I woke up just before the
Sagan
docked at the Lab. Zak had fallen asleep in the middle of composing a poem and gave every appearance of being no longer in the land of the living. He had sprawled out over two seats and was teetering on the edge, about to fall into the aisle. I elbowed him awake and we queued up at the air lock.

The
Sagan
was moored above the top of the Can. When I came out of the lock I was looking down the bore of an enormous gun—or at least, that’s the way it seemed. I was faced down, looking through the hollow center section of the Can—the ship bay.
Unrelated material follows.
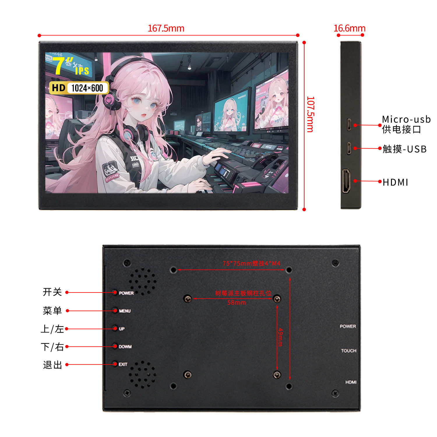 • 새로운 좁은 베젤 7inch IPS 터치 1024*600 완성 모니터 공식 표준

I could see red and white stars out the other end, and the dark outlines of shuttles and skimmers floating around the axial cylinder, being serviced.

I hooked on to a throw line and scooted across to the personnel lock, the same one we’d come out nine days before. The week on Ganymede had given me a touch of groundhog legs—a sense that there really ought to be an up and down, so that I kept looking around for a reference. Going through the personnel lock fouled me up even further, because for a moment I was convinced that I was falling down it. Don’t ask me to explain why; it’s just a reflex, like sneezing. Zak felt it. too; he started spinning his arms for balance the second he came through the lock, which just made him tumble until he stopped it.